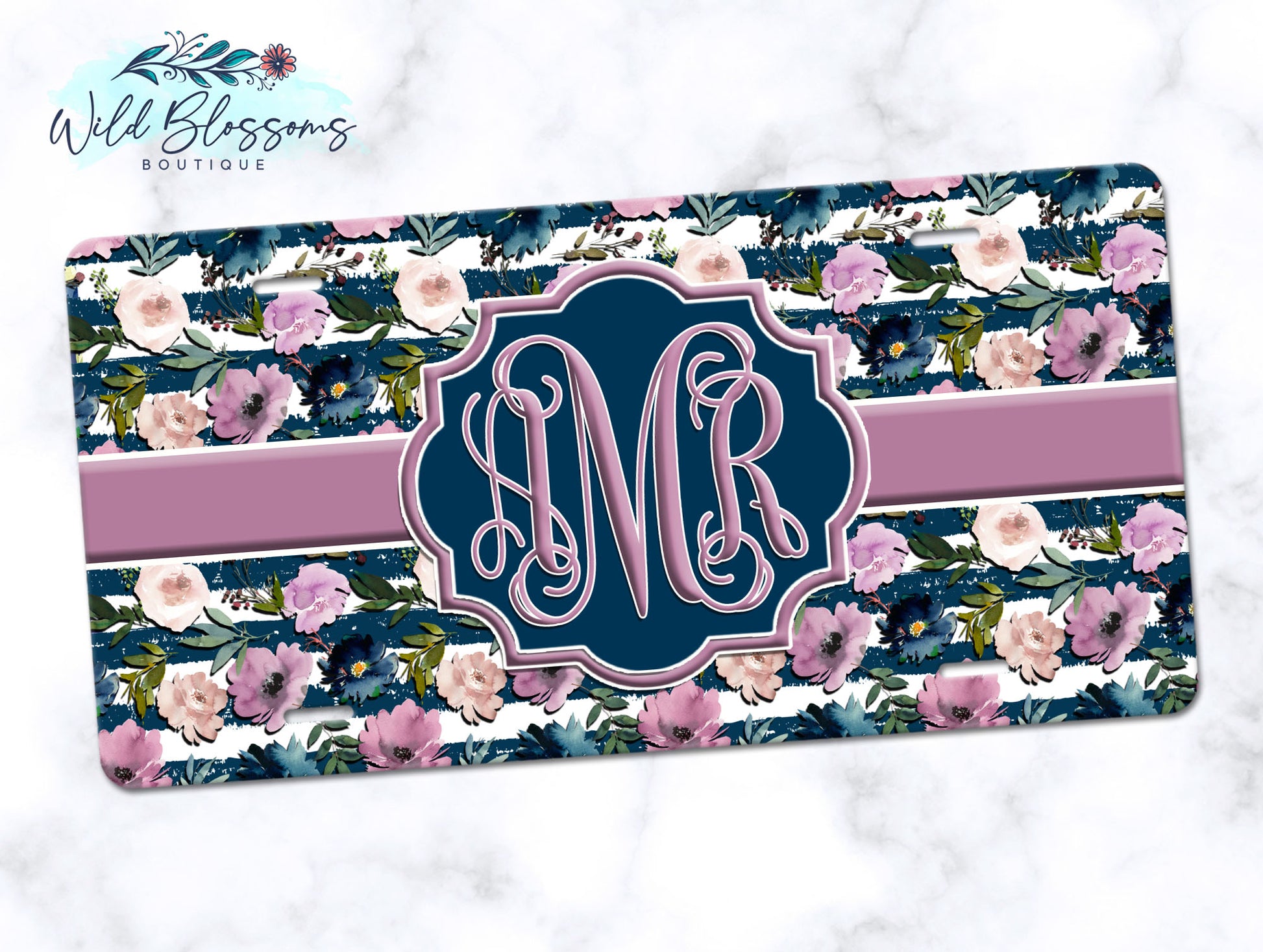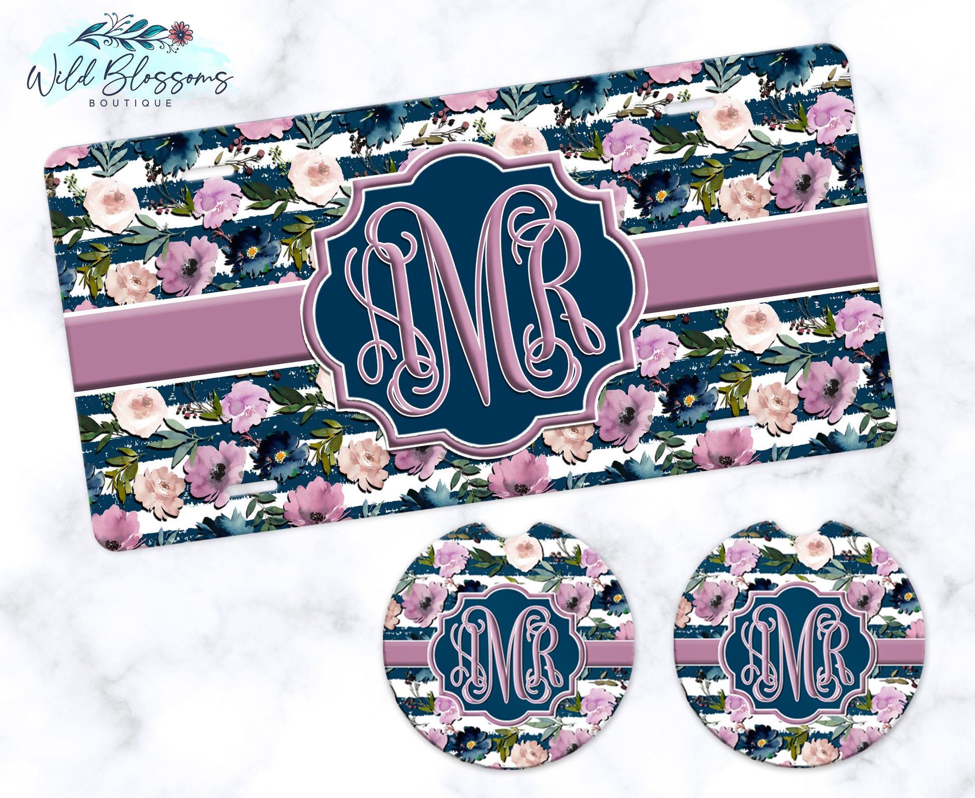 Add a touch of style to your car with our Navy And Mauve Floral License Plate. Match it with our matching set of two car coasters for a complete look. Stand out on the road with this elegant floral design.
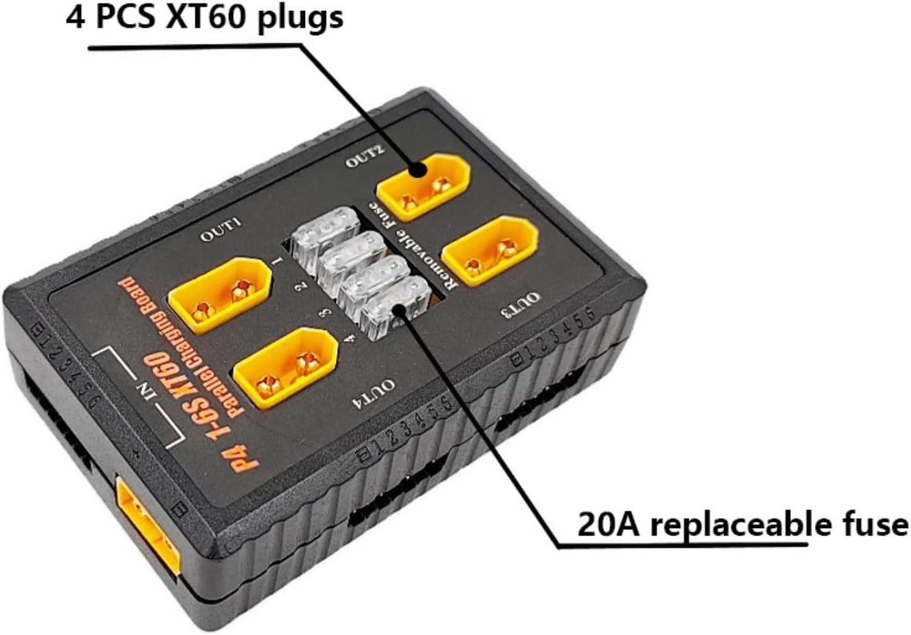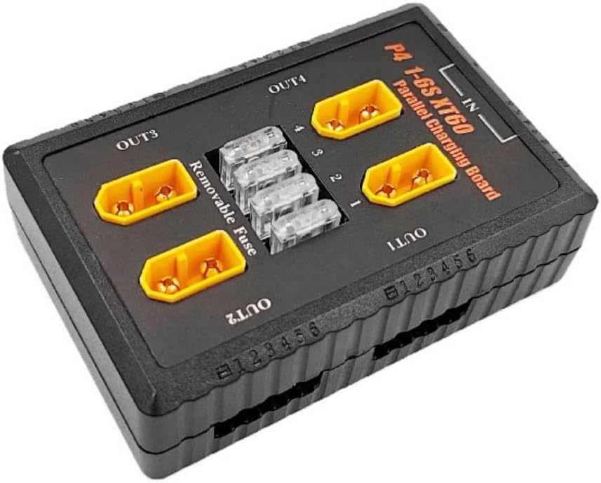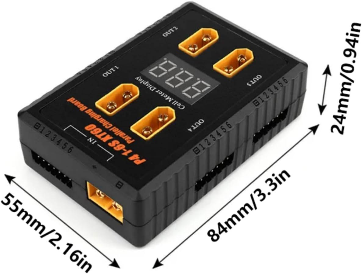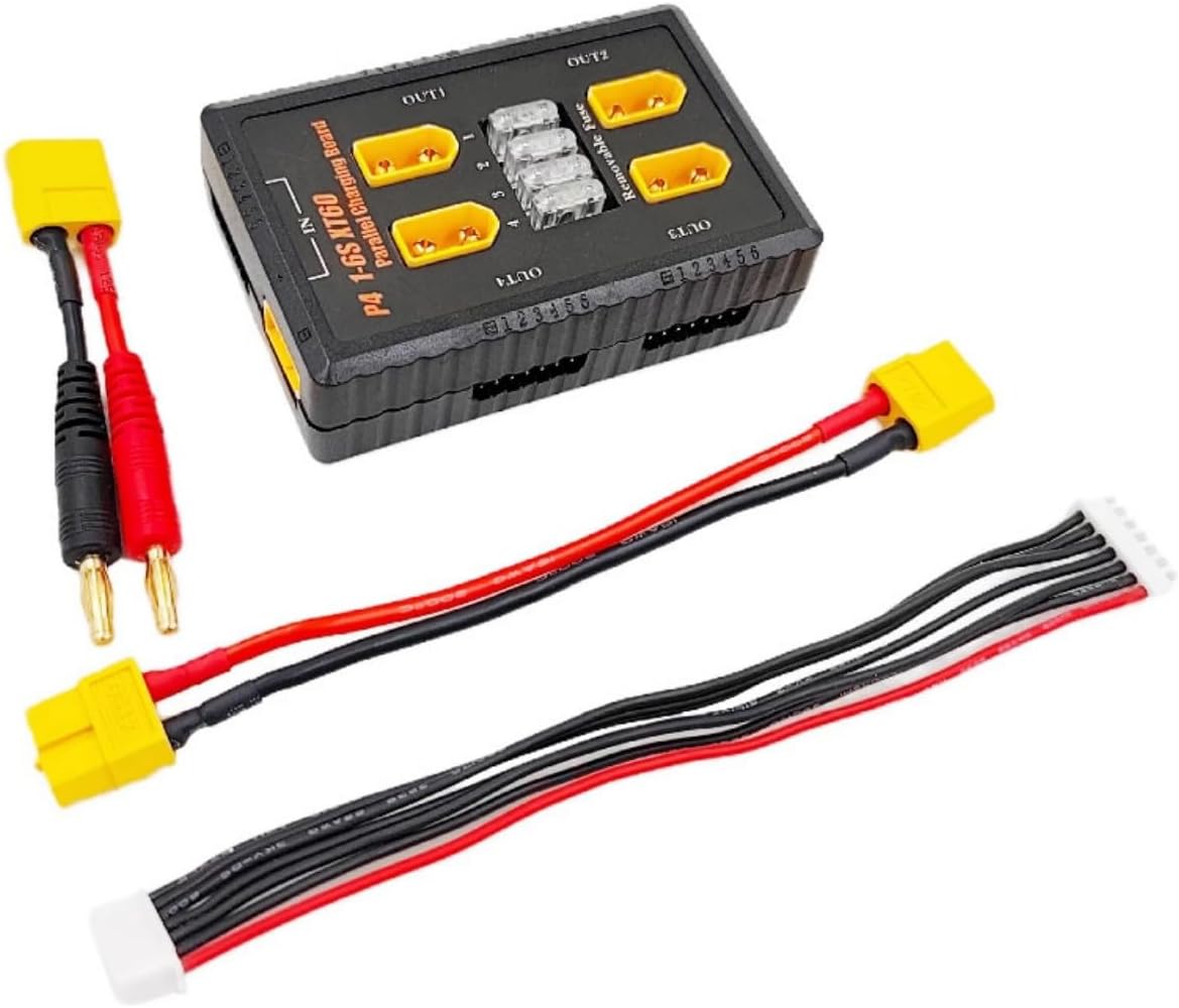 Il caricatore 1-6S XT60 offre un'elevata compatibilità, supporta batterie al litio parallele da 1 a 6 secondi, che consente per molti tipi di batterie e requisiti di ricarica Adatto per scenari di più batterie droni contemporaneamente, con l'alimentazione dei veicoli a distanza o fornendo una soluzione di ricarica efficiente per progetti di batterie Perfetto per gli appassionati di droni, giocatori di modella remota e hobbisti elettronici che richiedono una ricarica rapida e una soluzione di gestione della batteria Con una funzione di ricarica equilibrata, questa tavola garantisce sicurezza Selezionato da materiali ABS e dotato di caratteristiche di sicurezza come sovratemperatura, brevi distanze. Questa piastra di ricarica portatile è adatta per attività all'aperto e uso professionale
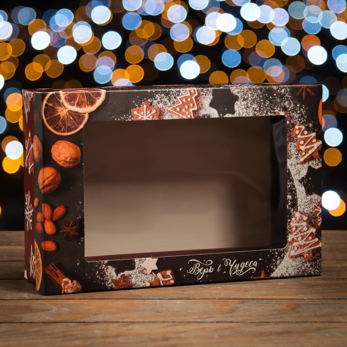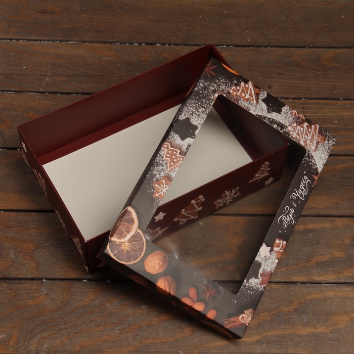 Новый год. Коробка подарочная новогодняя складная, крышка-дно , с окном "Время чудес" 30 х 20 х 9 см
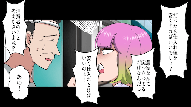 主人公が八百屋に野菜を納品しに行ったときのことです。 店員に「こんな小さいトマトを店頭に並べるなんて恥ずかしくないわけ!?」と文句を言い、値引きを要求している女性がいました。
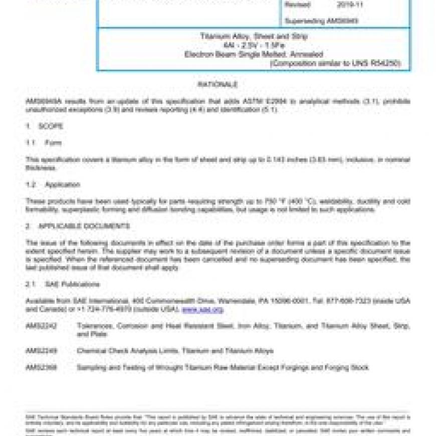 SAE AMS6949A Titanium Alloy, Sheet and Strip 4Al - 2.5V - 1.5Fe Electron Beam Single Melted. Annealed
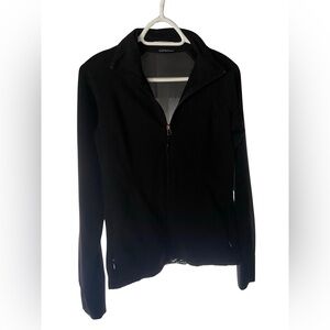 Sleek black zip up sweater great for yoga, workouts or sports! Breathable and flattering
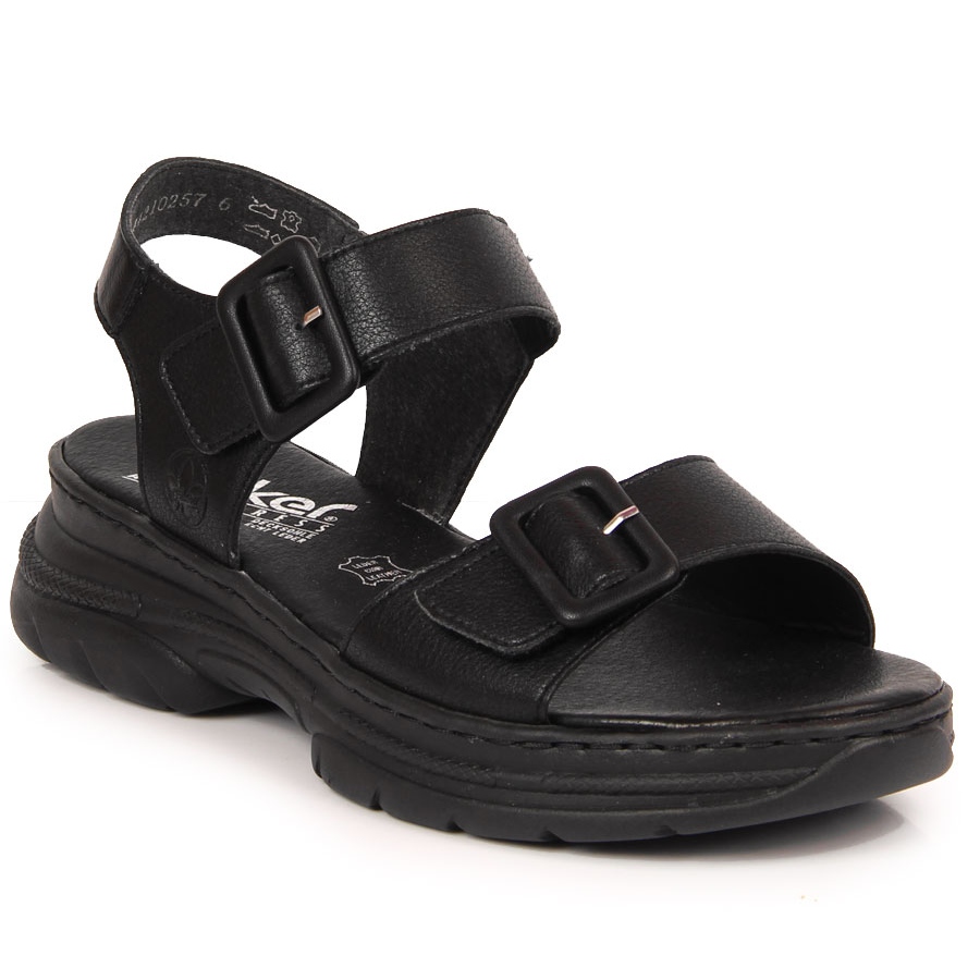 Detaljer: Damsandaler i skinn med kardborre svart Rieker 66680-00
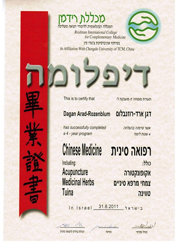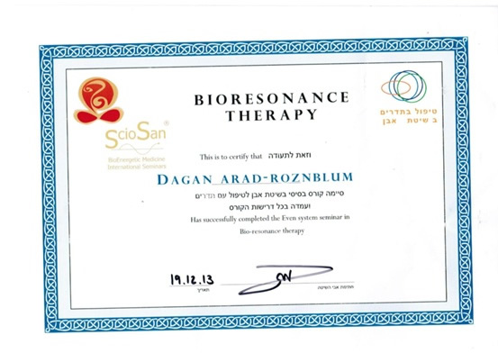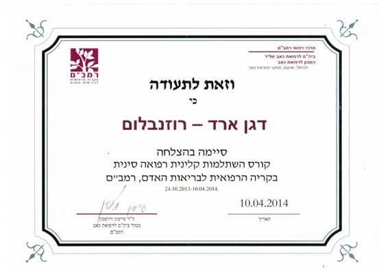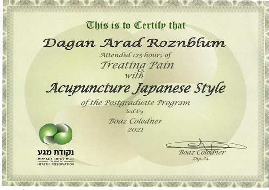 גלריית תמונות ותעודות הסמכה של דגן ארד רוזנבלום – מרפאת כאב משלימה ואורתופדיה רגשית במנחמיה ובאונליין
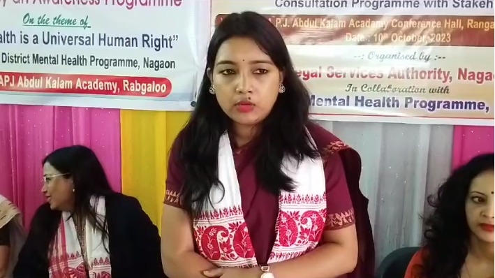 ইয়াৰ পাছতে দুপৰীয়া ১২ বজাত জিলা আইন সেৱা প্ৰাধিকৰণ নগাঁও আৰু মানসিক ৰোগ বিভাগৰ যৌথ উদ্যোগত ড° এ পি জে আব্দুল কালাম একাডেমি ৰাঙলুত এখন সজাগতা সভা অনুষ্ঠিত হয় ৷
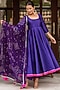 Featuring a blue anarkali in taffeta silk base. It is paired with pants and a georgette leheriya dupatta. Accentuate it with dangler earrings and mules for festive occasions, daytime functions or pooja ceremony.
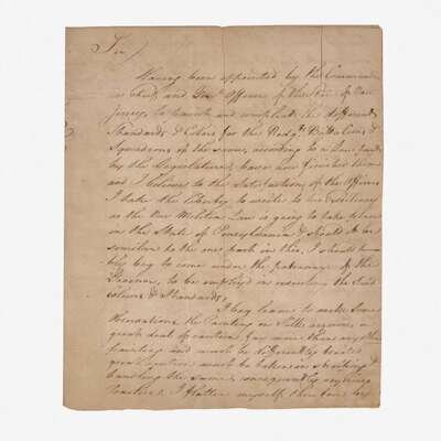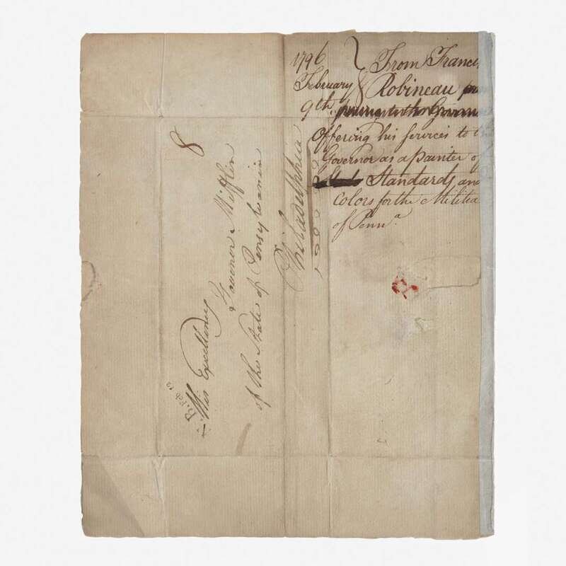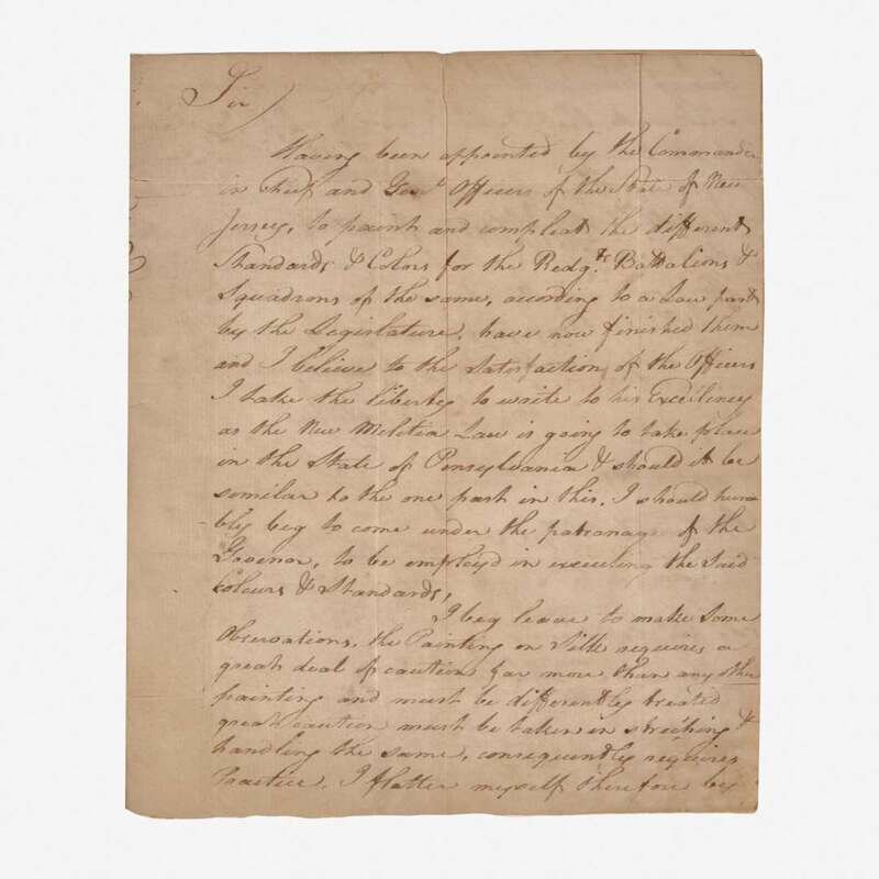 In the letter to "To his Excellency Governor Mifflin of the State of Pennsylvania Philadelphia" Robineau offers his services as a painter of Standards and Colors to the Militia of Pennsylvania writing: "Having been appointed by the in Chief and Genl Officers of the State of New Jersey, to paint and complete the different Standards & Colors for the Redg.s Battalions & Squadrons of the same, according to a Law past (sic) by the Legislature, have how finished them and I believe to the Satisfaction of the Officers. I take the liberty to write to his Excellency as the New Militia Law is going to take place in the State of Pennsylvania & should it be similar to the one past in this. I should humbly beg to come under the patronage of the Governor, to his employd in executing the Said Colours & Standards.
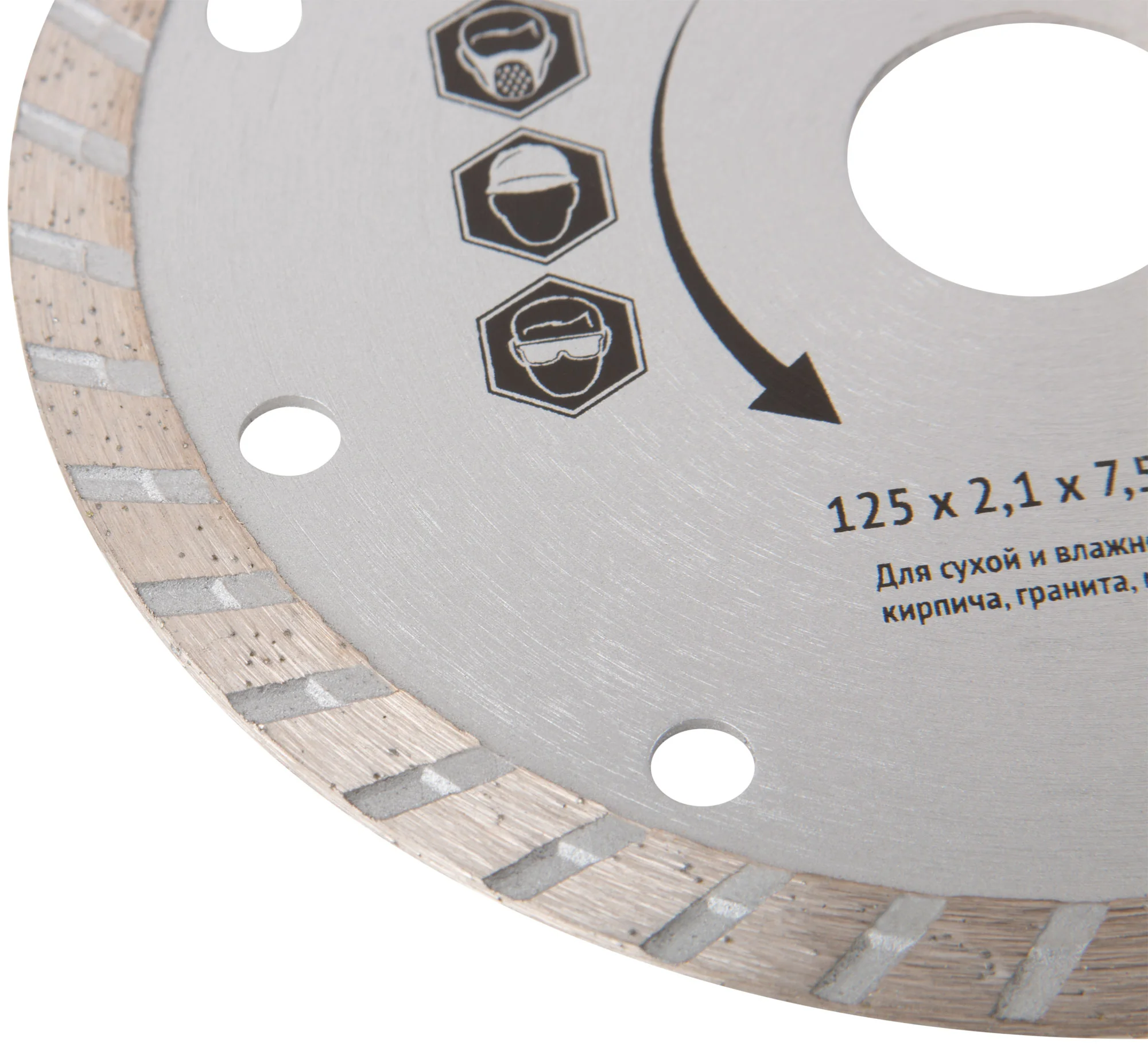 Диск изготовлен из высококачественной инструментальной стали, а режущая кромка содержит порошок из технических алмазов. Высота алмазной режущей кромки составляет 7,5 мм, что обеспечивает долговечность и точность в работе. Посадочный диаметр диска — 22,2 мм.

──────────

■ What the exercise asks
In the records above, find the line with "SAE AMS6949A Titanium" and the line with "Featuring a blue", then restate word for word only those two lines and all lines between, omitting pictures.

■ Response below
 SAE AMS6949A Titanium Alloy, Sheet and Strip 4Al - 2.5V - 1.5Fe Electron Beam Single Melted. Annealed
 Sleek black zip up sweater great for yoga, workouts or sports! Breathable and flattering
 Detaljer: Damsandaler i skinn med kardborre svart Rieker 66680-00
 גלריית תמונות ותעודות הסמכה של דגן ארד רוזנבלום – מרפאת כאב משלימה ואורתופדיה רגשית במנחמיה ובאונליין
 ইয়াৰ পাছতে দুপৰীয়া ১২ বজাত জিলা আইন সেৱা প্ৰাধিকৰণ নগাঁও আৰু মানসিক ৰোগ বিভাগৰ যৌথ উদ্যোগত ড° এ পি জে আব্দুল কালাম একাডেমি ৰাঙলুত এখন সজাগতা সভা অনুষ্ঠিত হয় ৷
 Featuring a blue anarkali in taffeta silk base. It is paired with pants and a georgette leheriya dupatta. Accentuate it with dangler earrings and mules for festive occasions, daytime functions or pooja ceremony.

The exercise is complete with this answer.